Running metaxy graph render --format mermaid produces this graph:
---
title: Feature Graph
---
flowchart TB
%% Snapshot version: 8468950d
%%{init: {'flowchart': {'htmlLabels': true, 'curve': 'basis'}, 'themeVariables': {'fontSize': '14px'}}}%%
example_video["<div style="text-align:left"><b>example/video</b><br/><small>(v: bc9ca835)</small><br/><font
color="#999">---</font><br/>• audio <small>(v: 22742381)</small><br/>• frames <small>(v: 794116a9)</small></div>"]
example_crop["<div style="text-align:left"><b>example/crop</b><br/><small>(v: 3ac04df8)</small><br/><font
color="#999">---</font><br/>• audio <small>(v: 76c8bdc9)</small><br/>• frames <small>(v: abc79017)</small></div>"]
example_face_detection["<div style="text-align:left"><b>example/face_detection</b><br/><small>(v: 1ac83b07)</small><br/><font
color="#999">---</font><br/>• faces <small>(v: 2d75f0bd)</small></div>"]
example_stt["<div style="text-align:left"><b>example/stt</b><br/><small>(v: c83a754a)</small><br/><font
color="#999">---</font><br/>• transcription <small>(v: ac412b3c)</small></div>"]
example_video --> example_crop
example_crop --> example_face_detection
example_video --> example_stt
Tracking Definitions Changes¶
Imagine the audio field of the Video feature changes (1):
- Perhaps, something like denoising has been applied externally
key="example/video",
fields=[
- FieldSpec(key="audio", code_version="1"),
+ FieldSpec(key="audio", code_version="2"),
FieldSpec(key="frames", code_version="1"),
Run metaxy graph diff to see what changed:
---
title: Merged Graph Diff
---
flowchart TB
%%{init: {'flowchart': {'htmlLabels': true, 'curve': 'basis'}, 'themeVariables': {'fontSize': '14px'}}}%%
example_video["<div style="text-align:left"><b>example/video</b><br/><font color="#CC0000">bc9ca8</font> → <font
color="#00AA00">6db302</font><br/><font color="#999">---</font><br/>- <font color="#FFAA00">audio</font> (<font
color="#CC0000">227423</font> → <font color="#00AA00">09c839</font>)<br/>- frames (794116)</div>"]
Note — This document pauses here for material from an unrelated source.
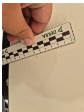
Fot. 31 Pokrywa komory silnika - Rysa/odprysk 1

style example_video stroke:#FFA500,stroke-width:3px
example_crop["<div style="text-align:left"><b>example/crop</b><br/><font color="#CC0000">3ac04d</font> → <font
color="#00AA00">54dc7f</font><br/><font color="#999">---</font><br/>- <font color="#FFAA00">audio</font> (<font
color="#CC0000">76c8bd</font> → <font color="#00AA00">f3130c</font>)<br/>- frames (abc790)</div>"]
style example_crop stroke:#FFA500,stroke-width:3px
example_face_detection["<div style="text-align:left"><b>example/face_detection</b><br/>1ac83b<br/><font
color="#999">---</font><br/>- faces (2d75f0)</div>"]
example_stt["<div style="text-align:left"><b>example/stt</b><br/><font color="#CC0000">c83a75</font> → <font
color="#00AA00">066d34</font><br/><font color="#999">---</font><br/>- <font color="#FFAA00">transcription</font> (<font
color="#CC0000">ac412b</font> → <font color="#00AA00">058410</font>)</div>"]
style example_stt stroke:#FFA500,stroke-width:3px
example_video --> example_crop
example_crop --> example_face_detection
example_video --> example_stt
Info
-
Video,Crop, andSpeechToTexthave changed -
FaceDetectionremained unchanged (depends only onframesand not onaudio) -
Audio field versions have changed throughout the graph
-
Frame field versions have stayed the same
Incremental Computation¶
The single most important piece of code in Metaxy is the resolve_update method.
It handles the following:
-
Joins upstream feature metadata
-
Computes sample versions
-
Compares against existing metadata
-
Returns diff: added, changed, removed samples
Typically, steps 1-3 can be run directly in the database. Analytical databases such as ClickHouse or Snowflake can efficiently handle these operations.
The Python pipeline then only handles the increment.
with store: # MetadataStore
# Metaxy computes provenance_by_field and identifies changes
increment = store.resolve_update(MyFeature)
# Process only changed samples
The increment object has attributes for new upstream samples, samples with new versions, and samples that have been removed from upstream metadata.